▶ [TASK PROMPT] Your response should contain exactly the lines running from the one with "Supply is price" to the end of the data below, both included, and no pictures.

***** DATA BELOW *****

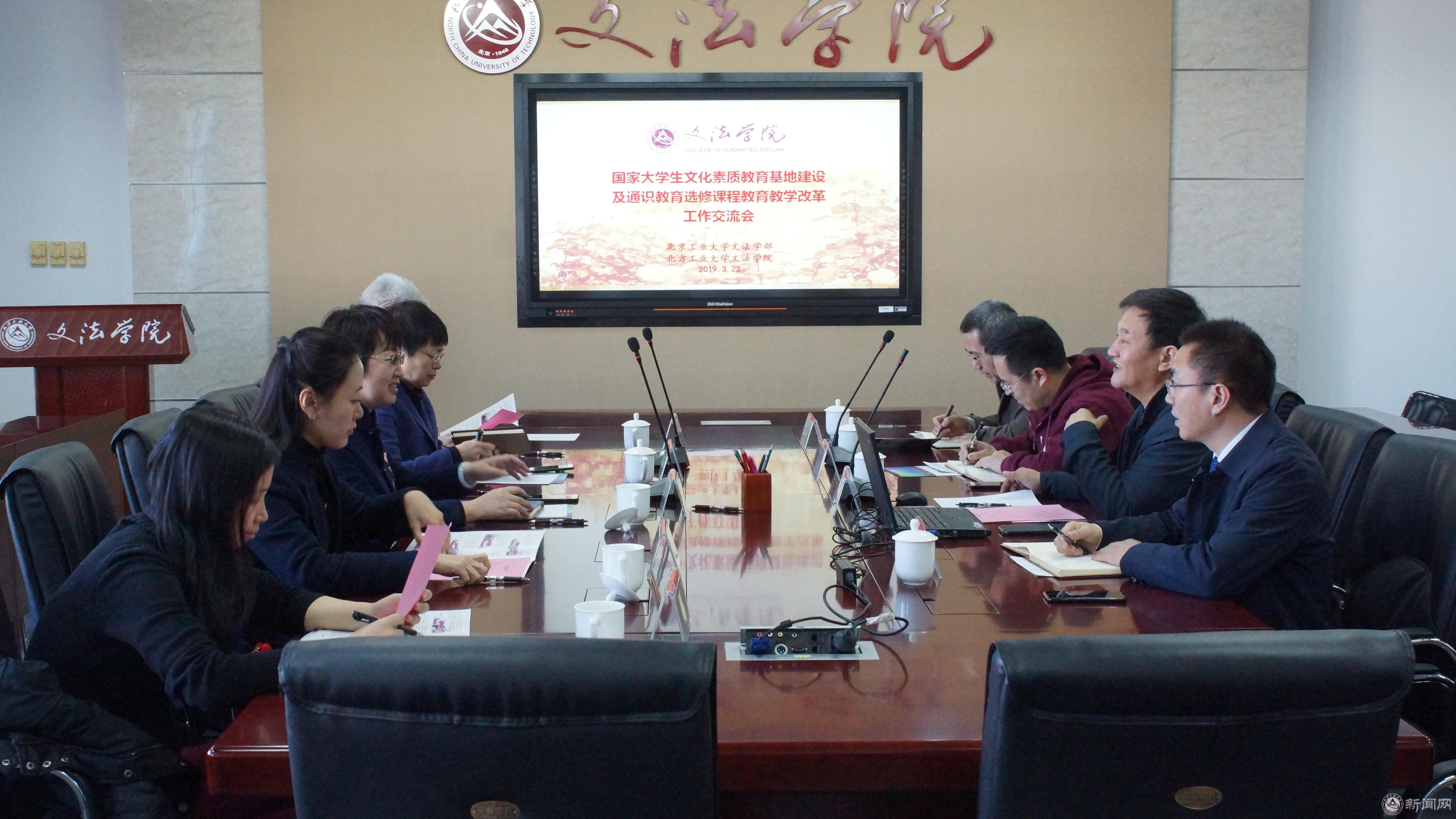 3月22日上午,北京工业大学文法学部党委书记李娟等一行5人来世界杯调研国家大学生文化素质教育基地及通识教育选修课等工作。学校党委副书记田红芳会见了客人,文法学院院长刘泽军、副院长袁凤识、副书记刘祥坠、全国大学生文化素质教育基地常务副主任王德岩和教务处有关人员参加了座谈。
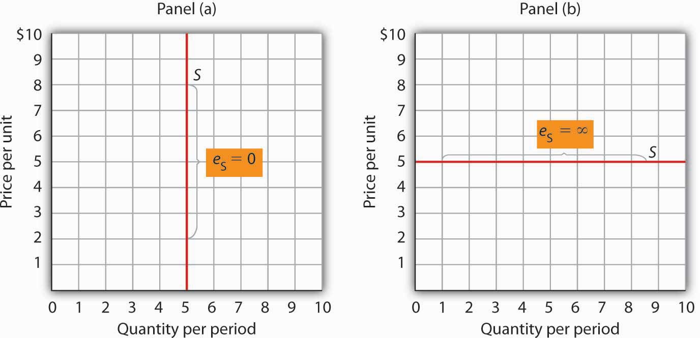 Supply is price elastic if the price elasticity of supply is greater than 1, unit price elastic if it is equal to 1, and price inelastic if it is less than 1. A vertical supply curve, as shown in Panel (a) of Figure 5.6 "Supply Curves and Their Price Elasticities", is perfectly inelastic; its price elasticity of supply is zero. The supply of Beatles’ songs is perfectly inelastic because the band no longer exists. A horizontal supply curve, as shown in Panel (b) of Figure 5.6 "Supply Curves and Their Price Elasticities", is perfectly elastic; its price elasticity of supply is infinite. It means that suppliers are willing to supply any amount at a certain price.
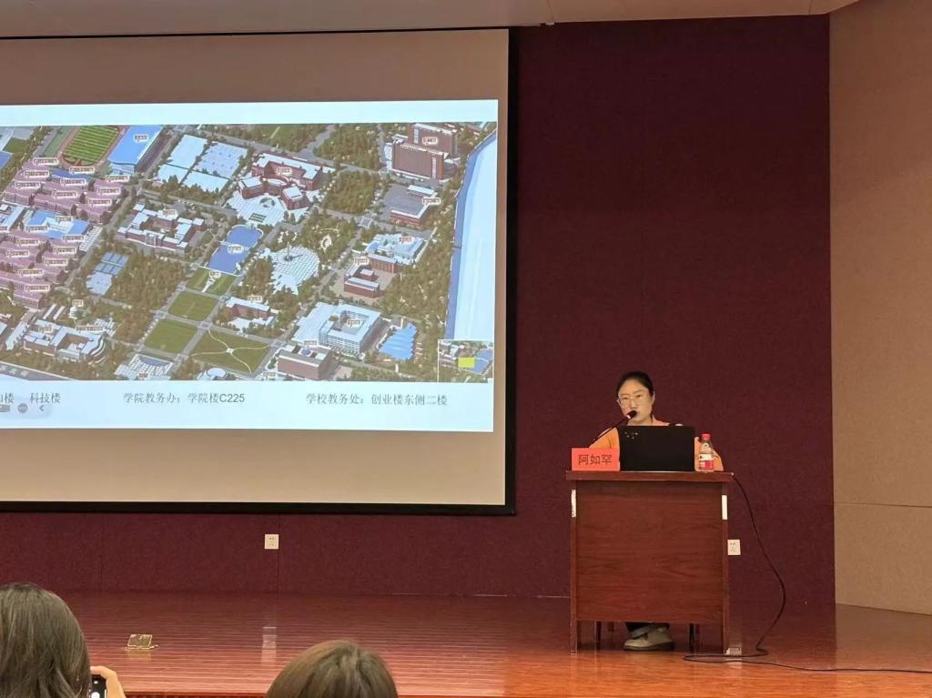 公司教学与实践办公室副主任阿如罕老师为大家介绍了本科生培养方案、学籍管理、选课及其相关操作的具体内容。同时,阿老师还为大家讲解了考核与成绩记载、学业预警以及毕业要求的要点。

*****

▶ [COMPLETED EXERCISE]
 Supply is price elastic if the price elasticity of supply is greater than 1, unit price elastic if it is equal to 1, and price inelastic if it is less than 1. A vertical supply curve, as shown in Panel (a) of Figure 5.6 "Supply Curves and Their Price Elasticities", is perfectly inelastic; its price elasticity of supply is zero. The supply of Beatles’ songs is perfectly inelastic because the band no longer exists. A horizontal supply curve, as shown in Panel (b) of Figure 5.6 "Supply Curves and Their Price Elasticities", is perfectly elastic; its price elasticity of supply is infinite. It means that suppliers are willing to supply any amount at a certain price.
 公司教学与实践办公室副主任阿如罕老师为大家介绍了本科生培养方案、学籍管理、选课及其相关操作的具体内容。同时,阿老师还为大家讲解了考核与成绩记载、学业预警以及毕业要求的要点。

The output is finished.